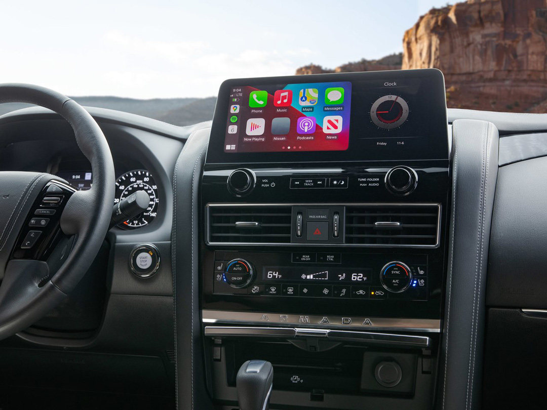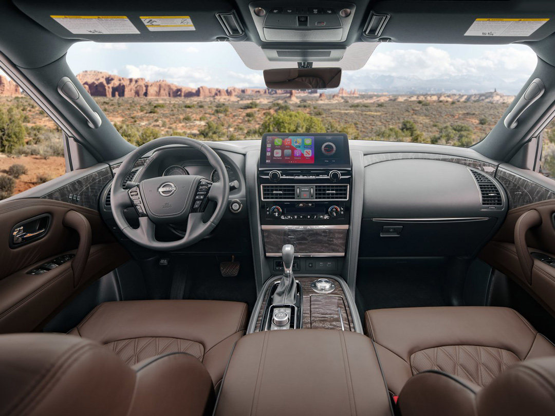 全新日产ARMADA定位于大型豪华全领域SUV,在内饰布局上的格调依然是“豪华,科技”为主。无处不见的真皮缝线和拉花,厚重的大面积木纹饰板,增加了全新日产ARMADA的豪华,但同时为了整车科技感的融入,12.3英寸的悬浮式中控大屏+绚丽风格多样的组合式仪表,让全新日产ARMADA的“豪华,科技”变得更加融合。
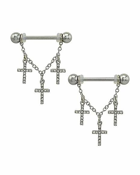 Promo π₯ CZ Cross Dangle Nipple Barbells – 14 Gauge π
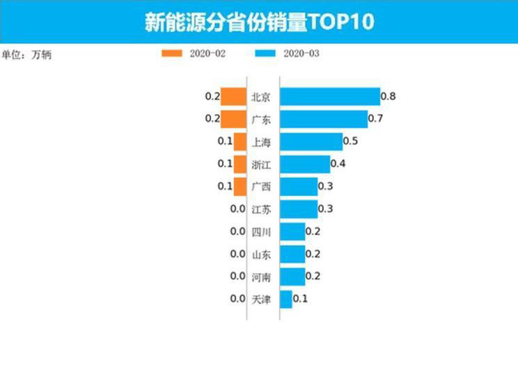 3月新能源車銷量最高的5個(gè)省份為北京、廣東、上海、浙江、江蘇,銷量分別為0.8萬輛、0.7萬輛、0.5萬輛、0.4萬輛、0.3萬輛,占總銷量的59.2%。與上個(gè)月相比,上漲幅度最高的三個(gè)省份為新疆、內(nèi)蒙古、陜西,上漲幅度分別為8900.0%、3300.0%、1632.6%,未來經(jīng)濟(jì)發(fā)展型省份的新能源市場優(yōu)勢或會(huì)進(jìn)一步擴(kuò)大。
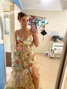 ROSABELLA Dress a blooming vision of romance and movement. This floral dream features delicate ruffled tiers that fall in perfect symmetry, capturing the essence of a soft breeze on a summer day. The bodice hugs the figure with graceful femininity, opening into a fluttering silhouette that turns every step into a statement.
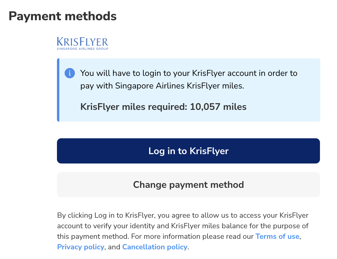 Even if you’re logged on to your Pelago account, you’ll still be asked for your KrisFlyer account login details to complete the redemption.
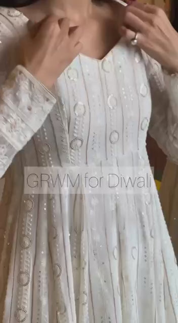 • Fabric: Faux Blooming with heavy 3mm sequins & multi-thread zari embroidered work
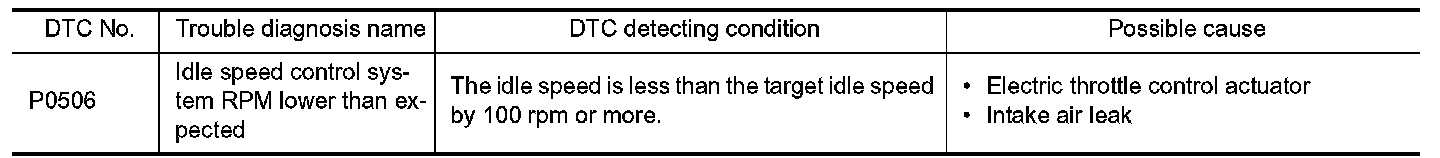 If DTC P0506 is displayed with other DTC, first perform the trouble diagnosis for the other DTC.
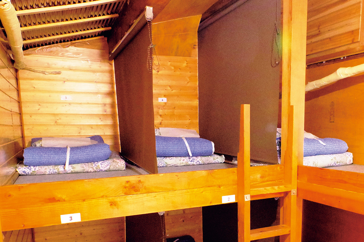 仕切りを設けてスペースを区切った大部屋(写真上)のほか、追加料金が必要な個室(写真下)も6部屋ある。2階の宿泊エリアは天井が高いので、二段式の蚕棚が基本となる。着替えの際は、更衣室を利用できる。
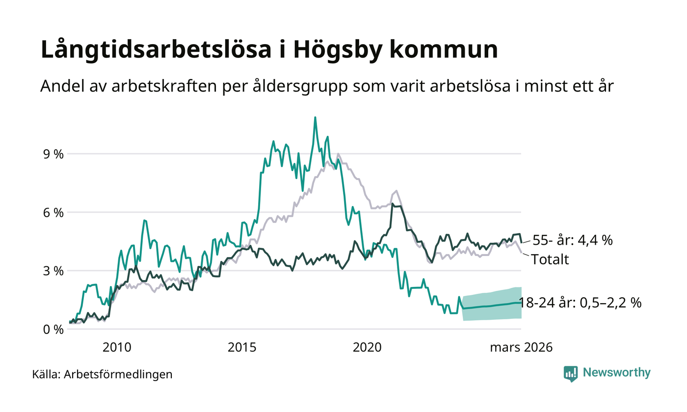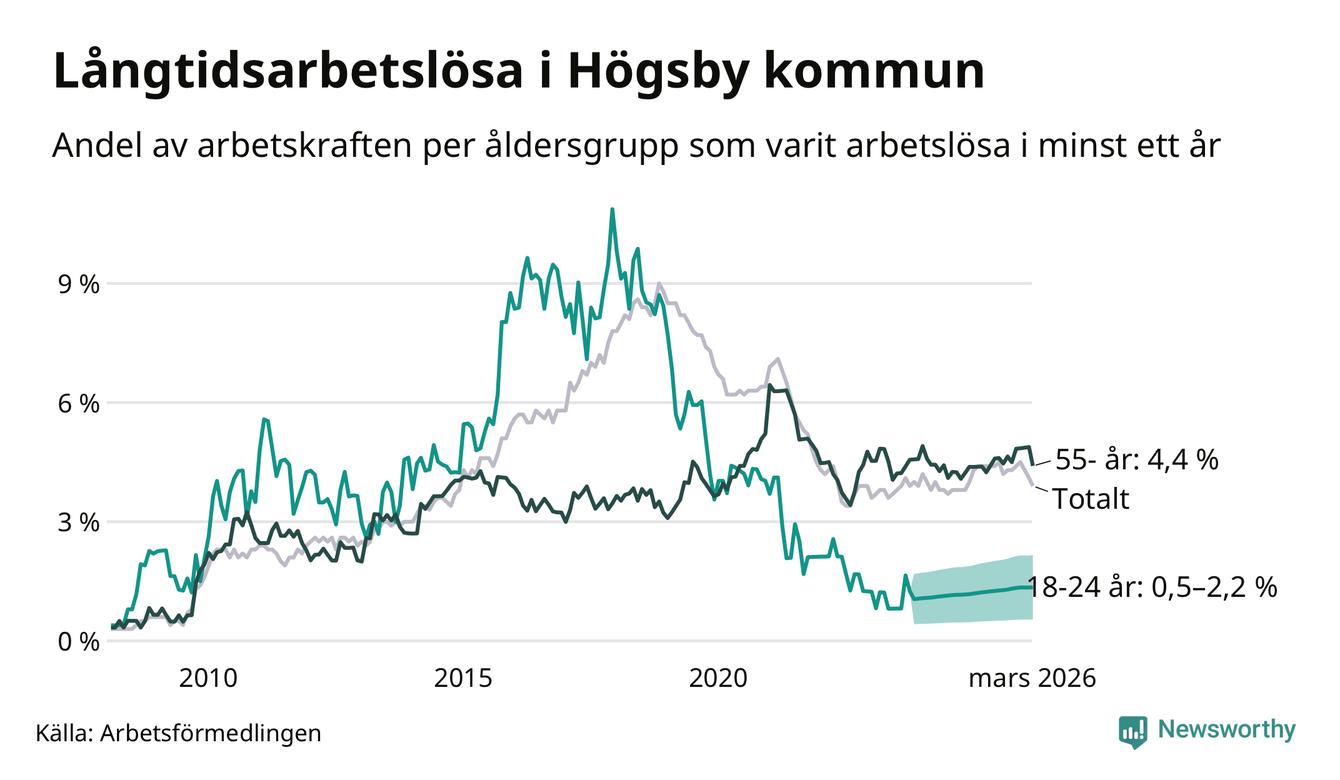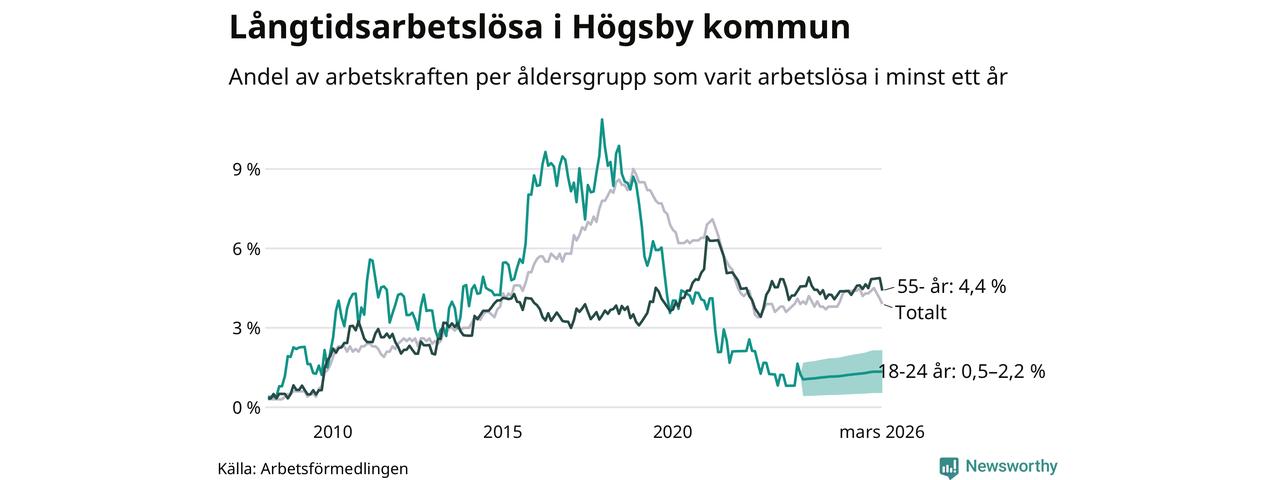 Av de 84 personerna som varit arbetslösa i mer än ett år i Högsby kommun är 27 personer mellan 55 och 661 år och mellan en och fyra är mellan 18 och 24 år. För den äldre gruppen är andelen arbetslösa 4,4 procent medan den i den yngre gruppen är mellan 0,5 och 2,2 procent. Även i riket som helhet är långtidsarbetslösheten högre i gruppen äldre.
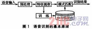 語音識別的基本原理如圖1所示。語音識別包括兩個階段:訓練和識別。不管是訓練還是識別,都必須對輸入語音預處理和特征提取。訓練階段所做的具體工作是通過用戶輸入若干次訓練語音,經(jīng)過預處理和特征提取后得到特征矢量參數(shù),最后通過特征建模達到建立訓練語音的參考模型庫的目的。而識別階段所做的主要工作是將輸入語音的特征矢量參數(shù)和參考模型庫中的參考模型進行相似性度量比較,然后把相似性最高的輸入特征矢量作為識別結(jié)果輸出。這樣,最終就達到了語音識別的目的。
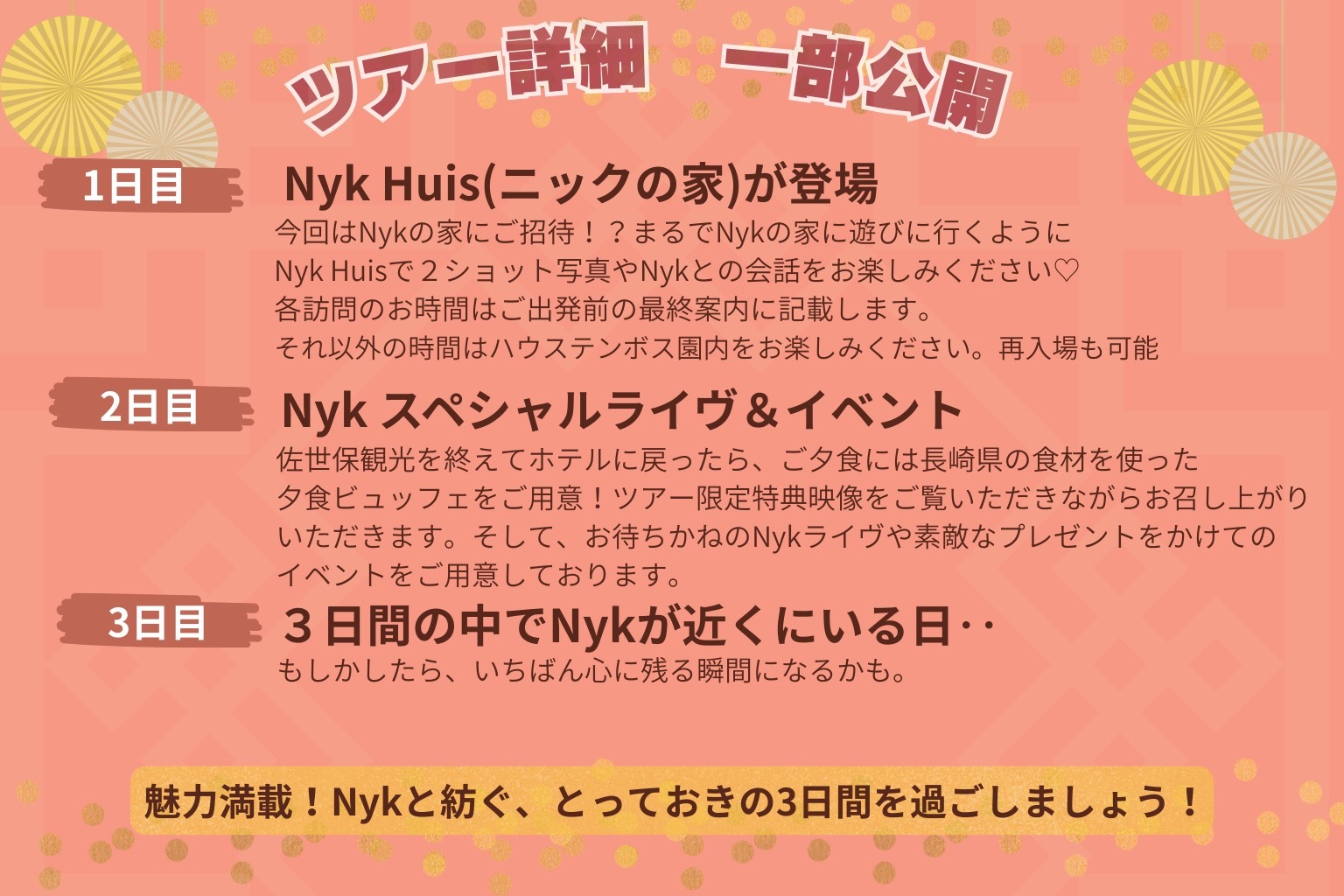 Fanclub 夢中×無敵 ファンクラブツアーin九州二次募集 2026 年 3 月 1 日 夢中×無敵 ファンクラブツアーin九州二次募集 Nicholas Edwards「ボクのルーツ、あなたと紡ぐ旅」in 九州 下記よりお申込みください。 https//www.toptravel.co.jp/nicholas-edwards-tour/nicholas-edwards-tour2
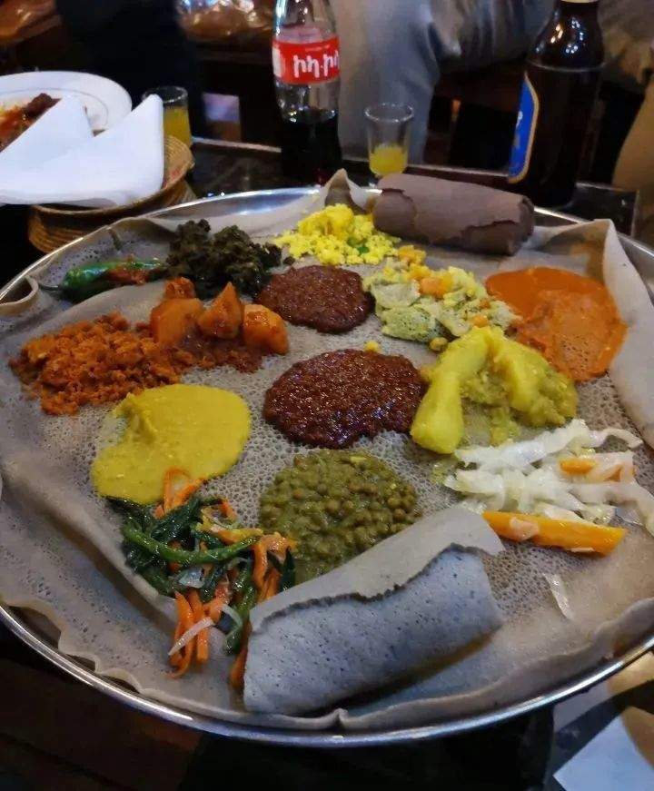 埃塞俄比亞的主食叫做英吉拉,苔麩發酵而成的酸味薄餅,樣子和手感都像抹布,卷着各種糊狀的菜吃進嘴裏頗有種擦完桌子把抹布吃了的錯覺:
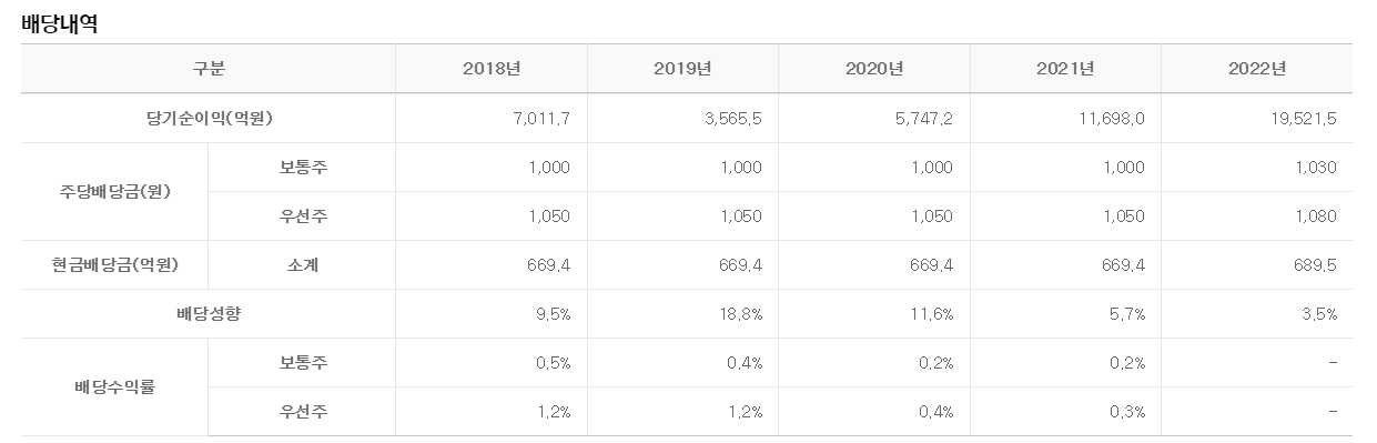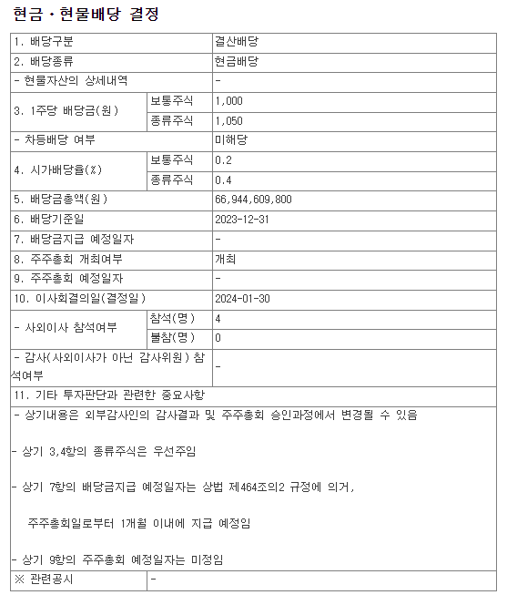 배당금 : 보통주 1,000원 / 우선주 1,050원
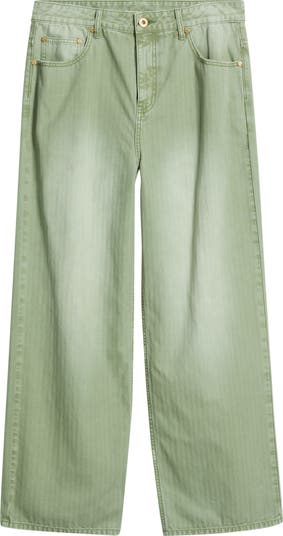 Sun-faded and easygoing, these herringbone twill pants bring a retro attitude with a roomy baggy fit. Finished with antiqued gold hardware, light grinding and subtly distressed edges, they wear like a favorite from day one.
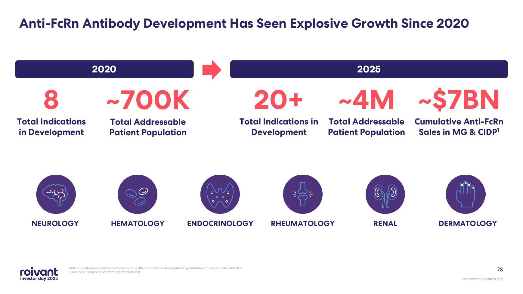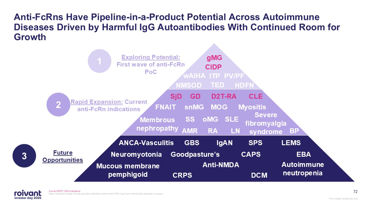 72  Anti-FcRns Have Pipeline-in-a-Product Potential Across Autoimmune Diseases Driven by Harmful IgG Autoantibodies With Continued Room for Growth  Current IMVT-1402 indications  Note: Indications listed include possible indications where anti-FcRn may have mechanistic rationale to pursue  gMG  CIDP  wAIHA  ITP  PV/PF  TED  HDFN  NMSOD  MOG  snMG  GD  oMG  FNAIT  D2T-RA  Myositis  SjD  RA  SLE  Severe fibromyalgia syndrome  BP  SS  AMR  LN  CLE  IgAN  GBS  CAPS  SPS  ANCA-Vasculitis  Neuromyotonia  Goodpasture’s  CRPS  Autoimmune neutropenia  EBA  Mucous membrane pemphigoid  LEMS  Anti-NMDA  DCM  Membrous nephropathy  Exploring Potential: First wave of anti-FcRn PoC  Future Opportunities   1  Rapid Expansion: Current anti-FcRn indications  2  3
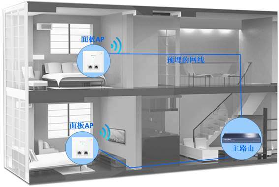 使用面板式AP的方式组网,实现全方位无线覆盖。面板AP方案,是由一个主路由和多个面板AP组合而成,主路由器与面板AP之间通过家里预埋的网线传输信号, 面板AP可直接替换家里原有网络面板,无需重新布线,不破坏原有装修。
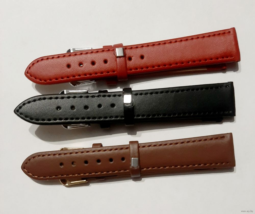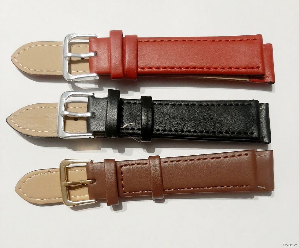 Ремешок 5р/1шт. 18мм для часов, в упаковке. Черный коричневый и красивый красный.Кожзам отличного качества. 6р/1шт. Застёжка жёлтого или белого цвета. Длина длинной части по габаритам-11,5см. От края-крепления до последней дырочки-9,2см. Длина короткой части от края-крепления до начала пряжки-7,5см.; с пряжкой-8.5см. Ширина пряжки в месте соединения ремешка-16мм. Есть ещё и чёрный. По 3 штуки. Могу выслать Европочтой или обычной почтой наложенным платежом.
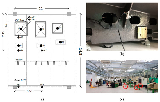 Reference setup for the field dynamic experiments: (a) plan view, with dimensions in m; (b) detail of mp#2 (base of the machine frame); and (c) global view of the examined floor region (in evidence with red circles, the position of sensors s#4, s#5, and mp#2).
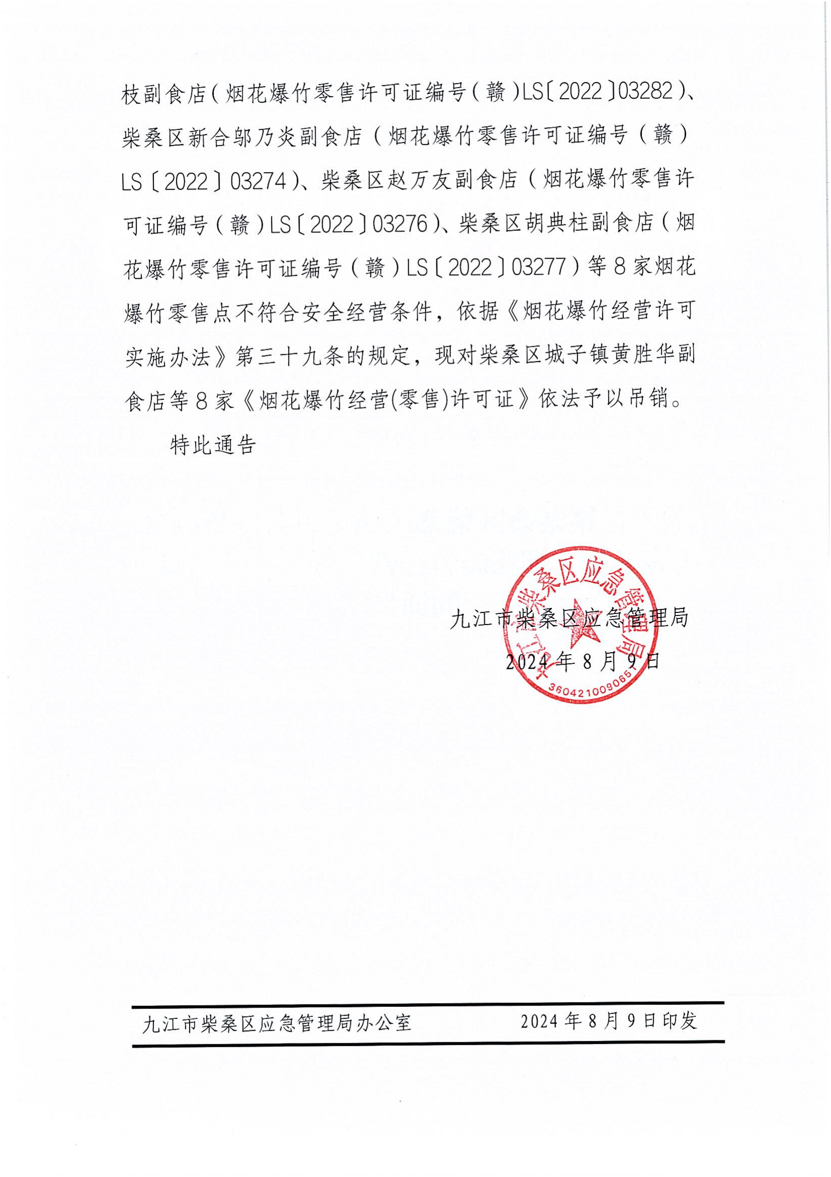 关于吊销柴桑区柴桑区城子镇黄胜华副食店等8家《烟花爆竹经营(零售)许可证》的通告
#####
Task description >>
Within the listing above, copy exactly the lines that start at the one with "仕切りを設けてスペースを区切" and continue through the one with "語音識別的基本原理如圖1所示". Omit pictures.

Solution to the problem >>
 仕切りを設けてスペースを区切った大部屋(写真上)のほか、追加料金が必要な個室(写真下)も6部屋ある。2階の宿泊エリアは天井が高いので、二段式の蚕棚が基本となる。着替えの際は、更衣室を利用できる。
 Av de 84 personerna som varit arbetslösa i mer än ett år i Högsby kommun är 27 personer mellan 55 och 661 år och mellan en och fyra är mellan 18 och 24 år. För den äldre gruppen är andelen arbetslösa 4,4 procent medan den i den yngre gruppen är mellan 0,5 och 2,2 procent. Även i riket som helhet är långtidsarbetslösheten högre i gruppen äldre.
 語音識別的基本原理如圖1所示。語音識別包括兩個階段:訓練和識別。不管是訓練還是識別,都必須對輸入語音預處理和特征提取。訓練階段所做的具體工作是通過用戶輸入若干次訓練語音,經(jīng)過預處理和特征提取后得到特征矢量參數(shù),最后通過特征建模達到建立訓練語音的參考模型庫的目的。而識別階段所做的主要工作是將輸入語音的特征矢量參數(shù)和參考模型庫中的參考模型進行相似性度量比較,然后把相似性最高的輸入特征矢量作為識別結(jié)果輸出。這樣,最終就達到了語音識別的目的。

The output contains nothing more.